Worum es geht
Digital-Lösungen können die Schnelligkeit von Prozessen erhöhen, Arbeiten automatisieren, große Datenmengen handhabbar machen und komplexe Entscheidungen unterstützen. Ihr im Arbeitsalltag realisierbarer Nutzen hängt jedoch von den Management-Fähigkeiten der Anwender ab, da die Digitalisierung zu neuen Prozessen führt und modifizierte Strukturen benötigt. Doch hiermit sind viele Akteure überfordert, da sie schon das Management der Gegenwart kaum beherrschen.
Ein Beispiel zur Verdeutlichung
Wenn in Berichten und Vorträgen die Vorteile der Digitalisierung thematisiert werden, basiert ihre Darstellung auf der Annahme, dass die für ihren Einsatz in Frage kommenden Akteure rational handeln und die Lösungen auf funktionierende Arbeits-Systeme treffen. Aber die Realität ist hiervon weit entfern. Ein Beispiel ist die elektronische Arztbrief-Übermittlung.
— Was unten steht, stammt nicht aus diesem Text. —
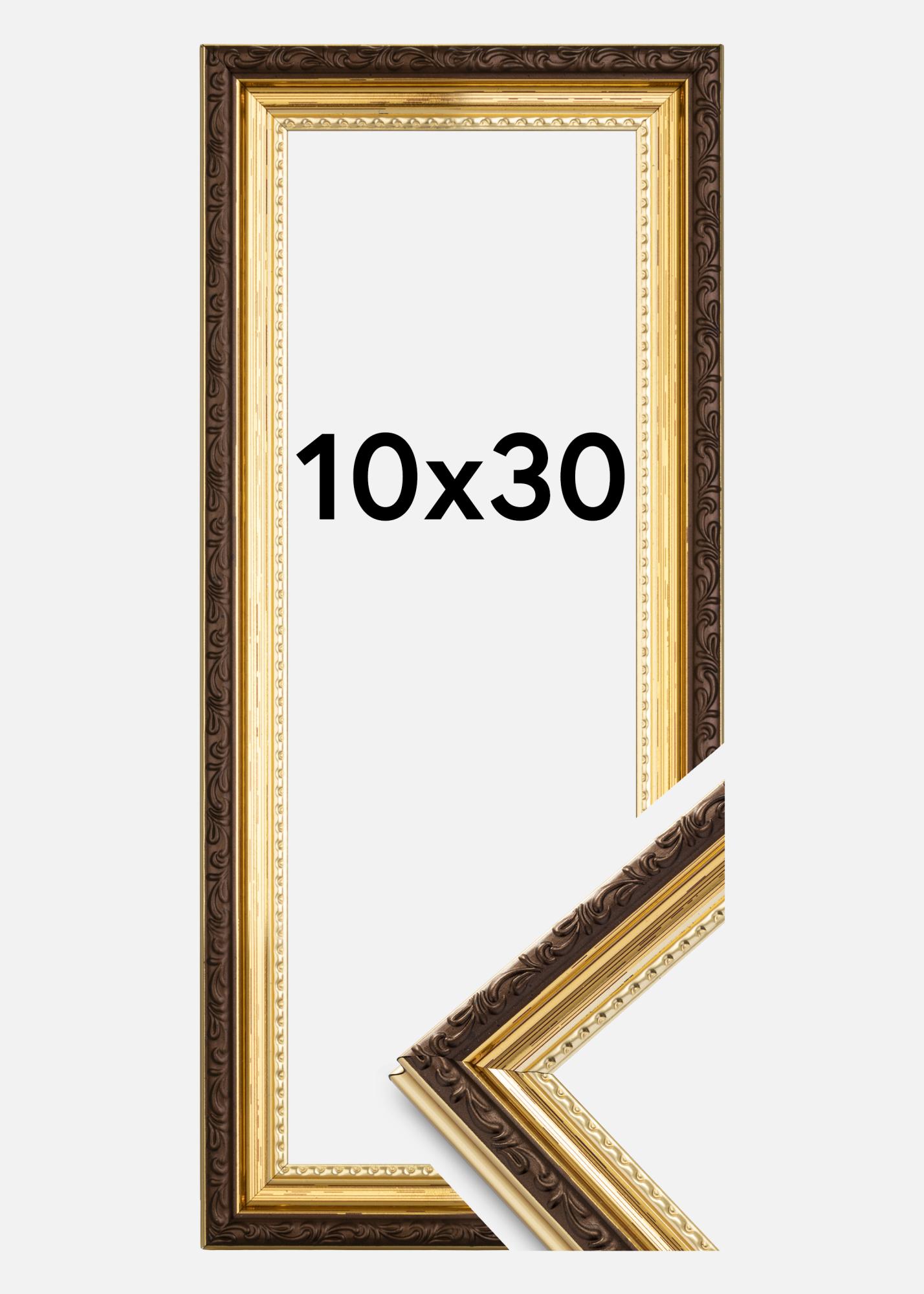 Szép, régi stílusú keretet keresel? Az Abisko akril üveg Arany egy masszív aranykeret hihetetlenül elegáns díszítéssel. A keret 25 mm széles listája fényes arany színű, közepén díszített barna szegéllyel. Az arany rész is díszített, hullámos mintával az üveg közelében.

Sie zielt darauf ab, die Bereitstellung der Informationen für die Weiterbetreuung der Patienten in Arztpraxen zu verbessern. Der tatsächliche Nutzen für die Versorgung ist bislang jedoch nur gering, denn die technische Übermittlung funktioniert zwar sehr schnell, an den beiden Schwachpunkte von Arztbriefen – dem Bereitstellungs-Zeitpunkt der Informationen und Empfänger-gerechten Inhalten – hat sich bislang kaum etwas geändert. Der Grund sind vor allem Management-Probleme in den Bereichen „Organisation“ und „Kommunikation“.
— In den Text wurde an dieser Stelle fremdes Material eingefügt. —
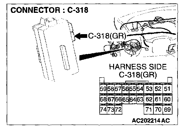 STEP 2. Check the wiring harness from ETACS-ECU connector C-318 (terminal 59) to column switch connector C-203 (terminal 3), front-ECU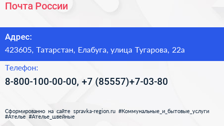 Почта России по адресу 423605, Татарстан, Елабуга, улица Тугарова, 22а в дальнейшем Организация, размещена в следующих категориях: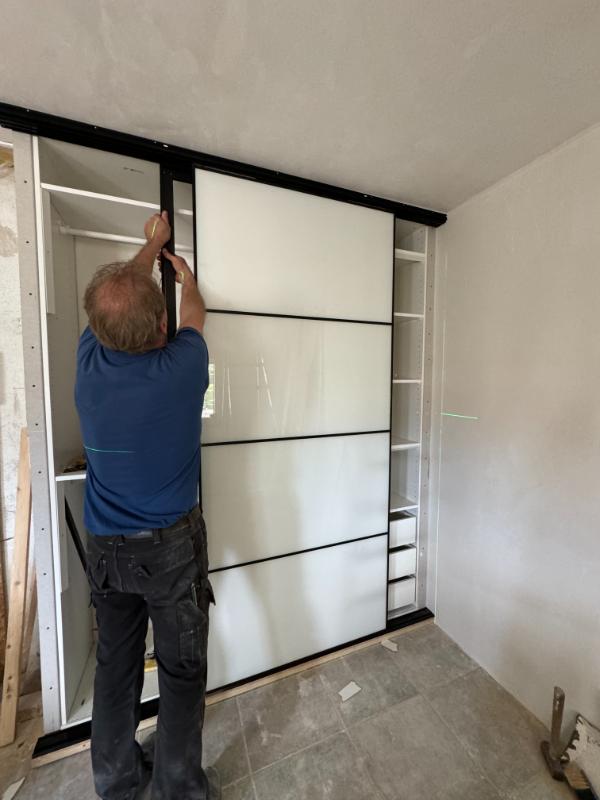 We slepen de inbouw kast onderdelen naar vanuit de garage naar boven en gaat manlief aan de slag. De kast krijgt steeds meer vorm. Maar werkelijk elk onderdeel moet worden verzaagd om de boel pas te krijgen.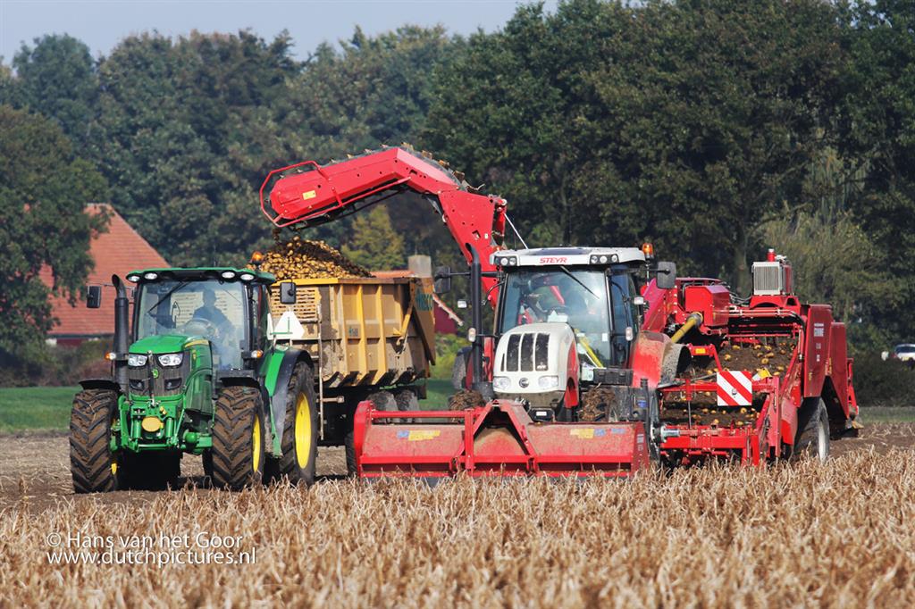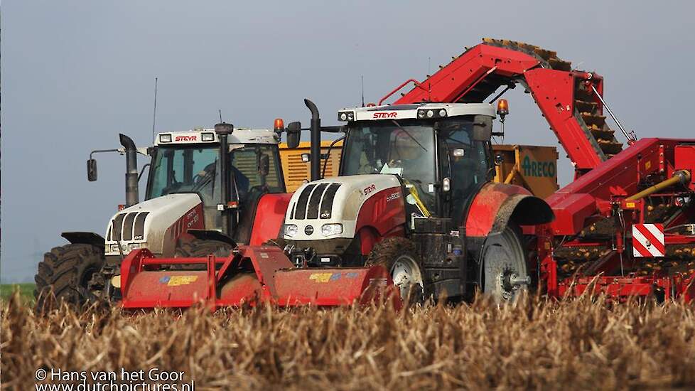Akkerbouwer Mts. Brus uit Biddinghuizen aan het aardappel rooien met een Steyr CVT 6230 met Grimme GV 3000 aardappelrooier.

Management-Insuffizienz am Beispiel der ambulanten Medizin
Der Nutzen technischer Lösungen hängt in seiner Ausprägung immer von den Fähigkeiten der Anwender ab. Das gilt umso mehr, wenn die Konzepte zu Veränderungen existierender Prozessen und Strukturen führen. Die Transformation hat hier weitreichende Effekte, obwohl der größte Teil der potenziellen Nutzer davon ausgeht, dass Digital-Lösungen Bestehendes lediglich ersetzen oder als Zusätze ohne größeren Einfluss auf die bestehende Situation wirken. Doch das ist ein Irrtum, schon Begriff „Transformation“ zeigt, worum es geht.
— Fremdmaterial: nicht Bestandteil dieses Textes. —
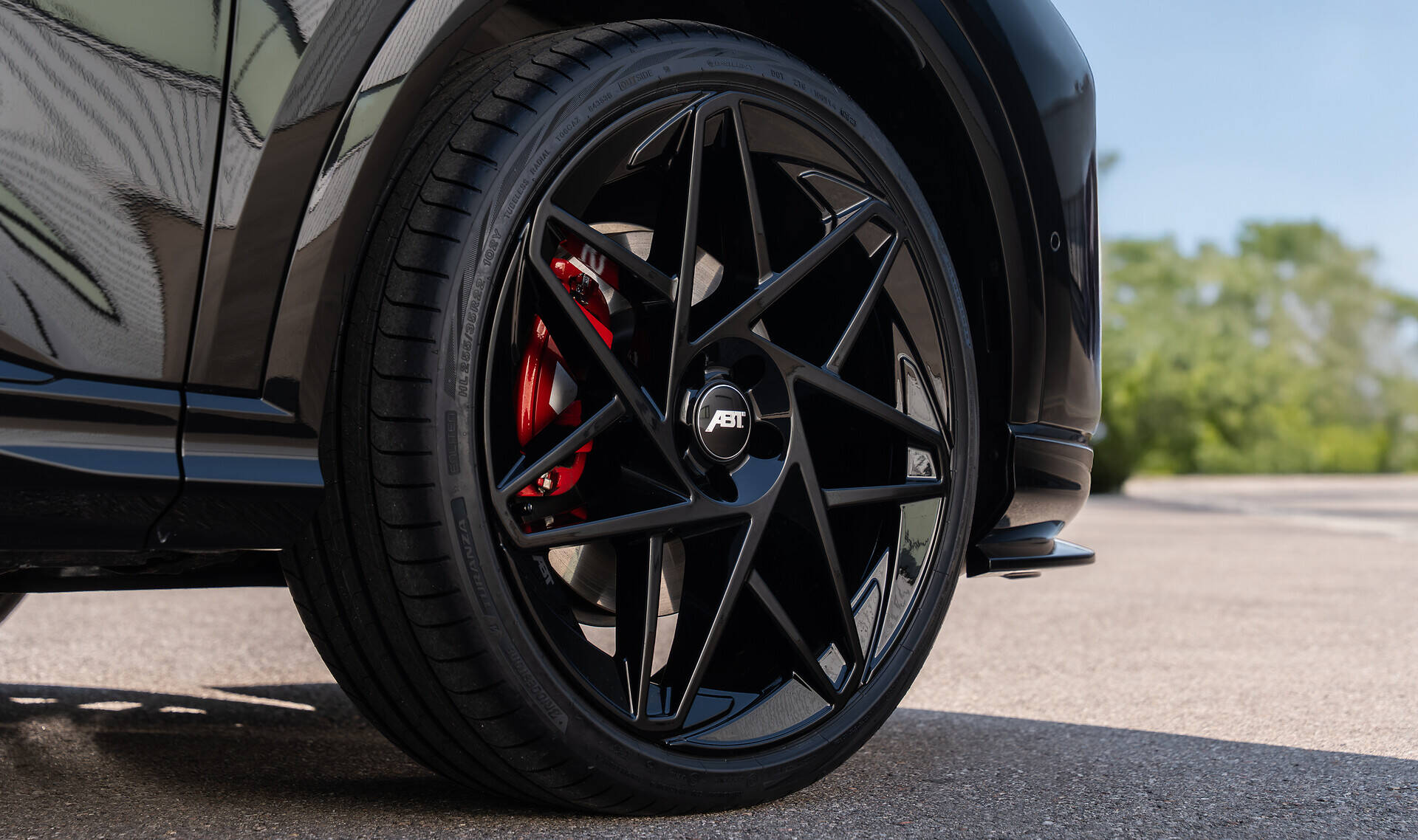 A central design and performance element is the 22-inch ABT EVO Sport wheels in glossy black, fitted with tires in the dimension 255/35 ZR22. They powerfully fill the wheel arches, enhance the sporty appearance, and contribute to precise handling thanks to their lightweight construction. The combination of lowering, large-format ABT EVO Sport wheels and aerodynamic components makes the ABT SQ5 an SUV with an exceptionally dynamic presence.

Das grundsätzliche Management-Know-how ist im Gesundheitswesen nur gering ausgeprägt. So setzen z. B. Haus- und Fachärzte gegenwärtig die Hälfte der Management-Instrumente, die einen reibungslos funktionierenden Arbeitsalltag gewährleisten, gar nicht ein. Aber digitale Lösungen benötigen – wie jede andere Neuerung, die in Betriebsabläufe integriert wird – eine weitgehend stabile Grundlage, um ihre Effekte überhaupt entfalten zu können.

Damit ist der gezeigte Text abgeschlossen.